Begin at the first line of the data and copy each line through the one containing "Рабочий в защитном", that line included, with no pictures.
Dataset records section start
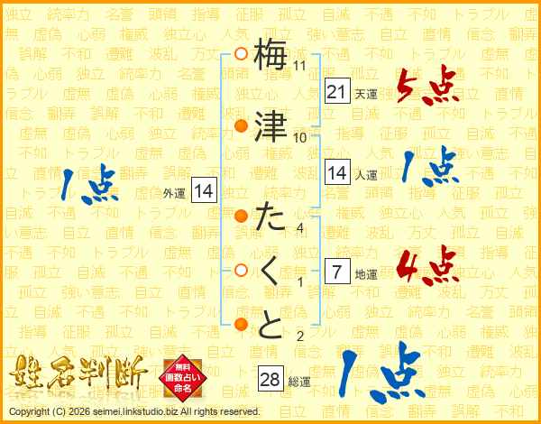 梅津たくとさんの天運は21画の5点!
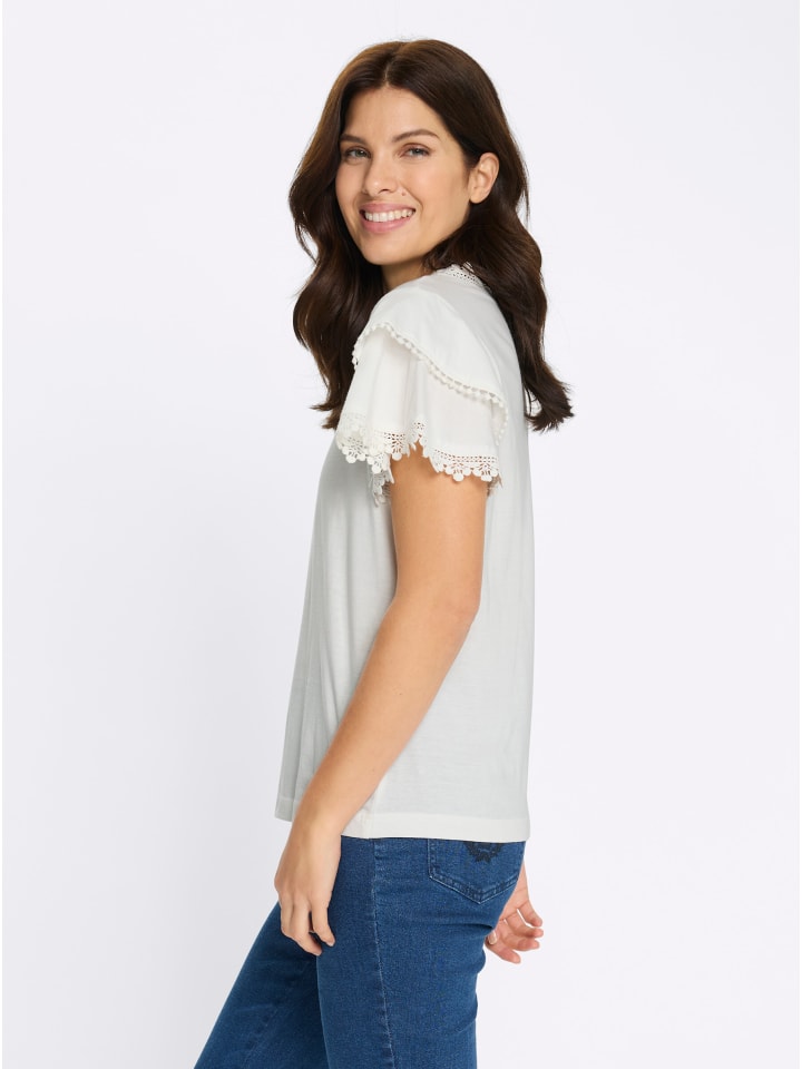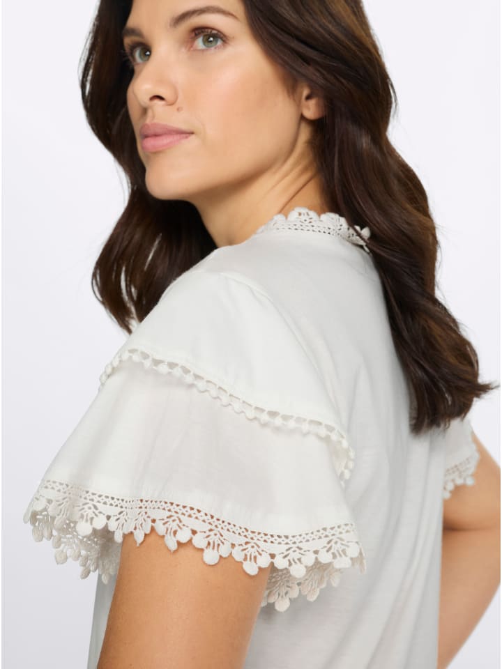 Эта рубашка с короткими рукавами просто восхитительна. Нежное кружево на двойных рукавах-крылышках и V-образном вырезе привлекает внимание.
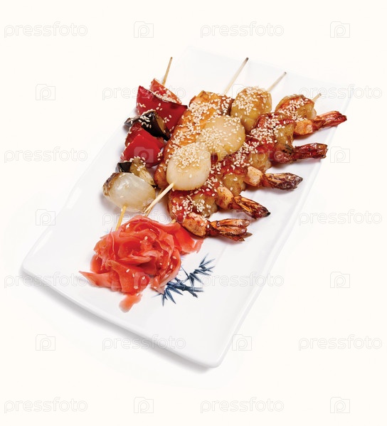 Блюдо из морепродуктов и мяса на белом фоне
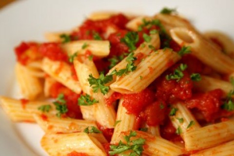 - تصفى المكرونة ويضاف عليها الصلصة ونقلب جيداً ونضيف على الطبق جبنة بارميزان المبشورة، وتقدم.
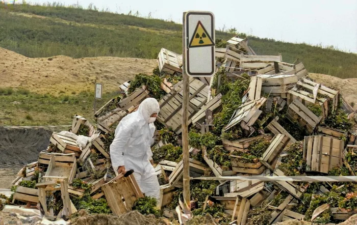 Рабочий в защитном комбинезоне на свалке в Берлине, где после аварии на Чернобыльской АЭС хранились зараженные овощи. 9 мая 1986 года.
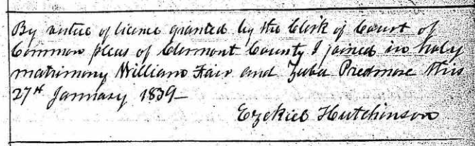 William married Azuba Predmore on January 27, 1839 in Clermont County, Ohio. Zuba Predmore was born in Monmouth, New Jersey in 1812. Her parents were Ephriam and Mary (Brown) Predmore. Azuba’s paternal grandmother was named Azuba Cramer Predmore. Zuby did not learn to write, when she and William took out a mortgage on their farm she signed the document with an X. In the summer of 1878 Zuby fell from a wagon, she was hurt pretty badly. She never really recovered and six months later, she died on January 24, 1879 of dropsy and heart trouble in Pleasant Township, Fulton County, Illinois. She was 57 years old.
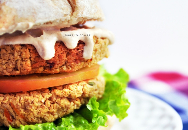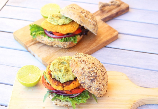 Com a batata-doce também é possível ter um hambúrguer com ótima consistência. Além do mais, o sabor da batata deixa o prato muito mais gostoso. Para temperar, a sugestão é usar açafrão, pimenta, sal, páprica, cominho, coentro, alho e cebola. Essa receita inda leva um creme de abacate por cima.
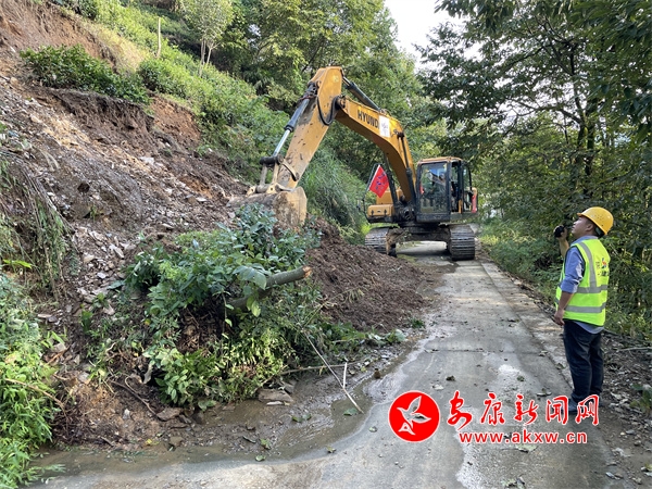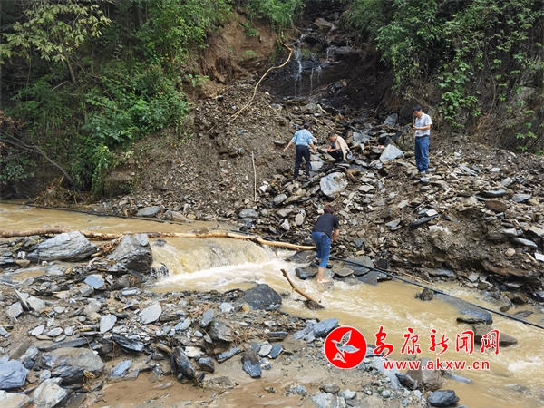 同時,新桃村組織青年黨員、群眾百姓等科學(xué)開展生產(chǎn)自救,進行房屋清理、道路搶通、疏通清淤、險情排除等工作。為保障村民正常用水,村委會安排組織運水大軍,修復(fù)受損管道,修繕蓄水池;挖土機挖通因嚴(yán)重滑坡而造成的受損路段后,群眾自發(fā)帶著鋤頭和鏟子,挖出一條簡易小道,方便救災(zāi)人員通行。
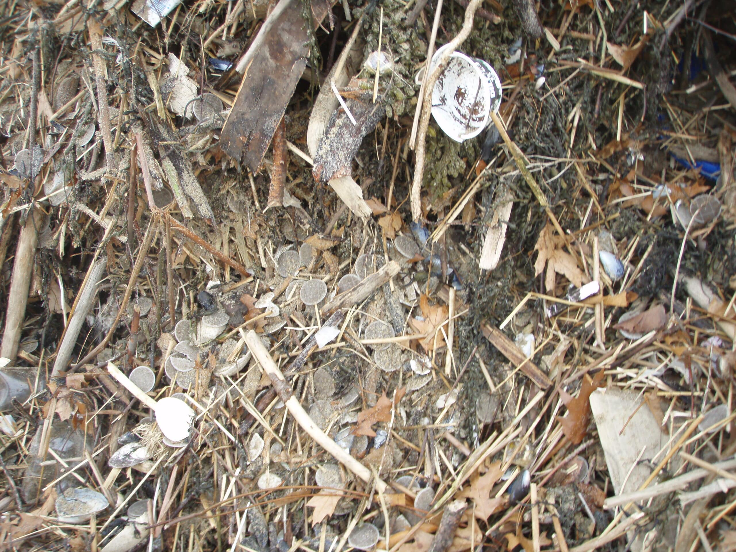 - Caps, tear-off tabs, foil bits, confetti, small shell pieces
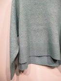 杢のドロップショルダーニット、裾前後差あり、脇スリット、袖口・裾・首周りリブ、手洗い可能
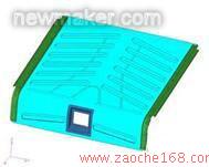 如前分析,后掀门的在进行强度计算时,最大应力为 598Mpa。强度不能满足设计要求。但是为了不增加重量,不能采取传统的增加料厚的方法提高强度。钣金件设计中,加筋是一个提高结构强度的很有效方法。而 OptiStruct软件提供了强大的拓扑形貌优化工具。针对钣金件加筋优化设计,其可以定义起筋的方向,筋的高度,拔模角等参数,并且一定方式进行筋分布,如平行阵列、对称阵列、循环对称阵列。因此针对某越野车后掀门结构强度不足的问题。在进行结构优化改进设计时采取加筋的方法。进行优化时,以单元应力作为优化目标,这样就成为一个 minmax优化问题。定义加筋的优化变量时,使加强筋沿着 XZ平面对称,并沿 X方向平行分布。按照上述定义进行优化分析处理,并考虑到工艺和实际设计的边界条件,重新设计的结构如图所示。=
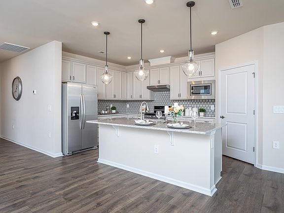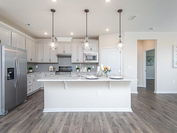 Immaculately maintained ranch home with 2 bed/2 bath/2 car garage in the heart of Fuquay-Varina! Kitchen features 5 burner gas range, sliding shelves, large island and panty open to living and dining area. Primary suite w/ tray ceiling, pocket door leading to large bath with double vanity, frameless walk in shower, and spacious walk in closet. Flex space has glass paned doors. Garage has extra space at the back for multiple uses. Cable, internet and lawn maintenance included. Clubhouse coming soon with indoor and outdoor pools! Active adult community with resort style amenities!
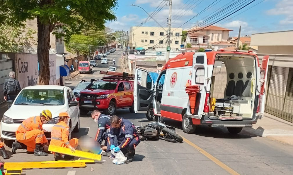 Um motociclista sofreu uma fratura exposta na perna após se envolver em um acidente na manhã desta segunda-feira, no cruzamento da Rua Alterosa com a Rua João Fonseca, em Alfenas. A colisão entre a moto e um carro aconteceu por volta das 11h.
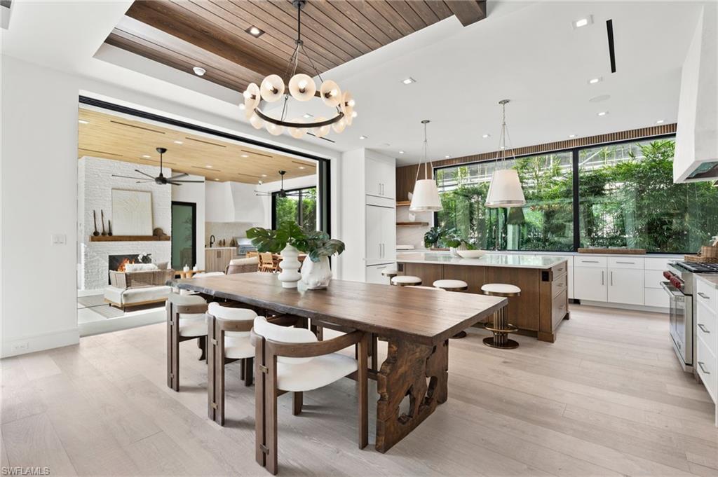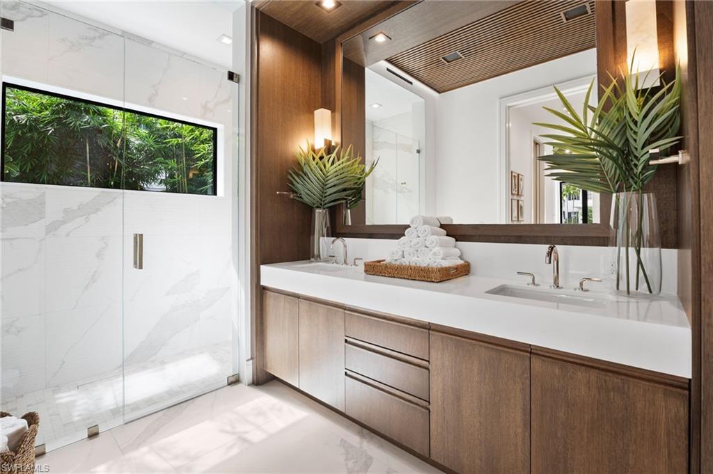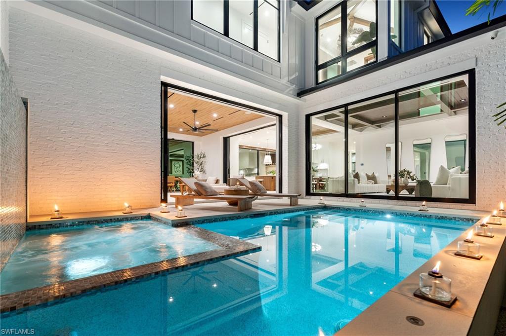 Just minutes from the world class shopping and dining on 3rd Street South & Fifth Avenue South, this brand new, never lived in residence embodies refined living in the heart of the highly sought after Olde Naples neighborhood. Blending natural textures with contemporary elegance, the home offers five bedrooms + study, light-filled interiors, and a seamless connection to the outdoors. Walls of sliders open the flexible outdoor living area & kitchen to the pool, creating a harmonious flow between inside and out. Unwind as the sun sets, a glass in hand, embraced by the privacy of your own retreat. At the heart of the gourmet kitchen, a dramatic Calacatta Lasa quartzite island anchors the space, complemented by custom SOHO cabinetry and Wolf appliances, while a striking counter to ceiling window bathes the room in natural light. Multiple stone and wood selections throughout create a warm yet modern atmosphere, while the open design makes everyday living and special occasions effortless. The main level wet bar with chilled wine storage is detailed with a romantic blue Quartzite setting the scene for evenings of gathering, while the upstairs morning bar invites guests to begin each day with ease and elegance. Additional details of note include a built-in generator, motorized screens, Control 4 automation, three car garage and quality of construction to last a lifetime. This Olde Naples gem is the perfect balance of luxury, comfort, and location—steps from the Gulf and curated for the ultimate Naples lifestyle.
Dataset records section end
The completed task:
 梅津たくとさんの天運は21画の5点!
 Эта рубашка с короткими рукавами просто восхитительна. Нежное кружево на двойных рукавах-крылышках и V-образном вырезе привлекает внимание.
 Блюдо из морепродуктов и мяса на белом фоне
 - تصفى المكرونة ويضاف عليها الصلصة ونقلب جيداً ونضيف على الطبق جبنة بارميزان المبشورة، وتقدم.
 Рабочий в защитном комбинезоне на свалке в Берлине, где после аварии на Чернобыльской АЭС хранились зараженные овощи. 9 мая 1986 года.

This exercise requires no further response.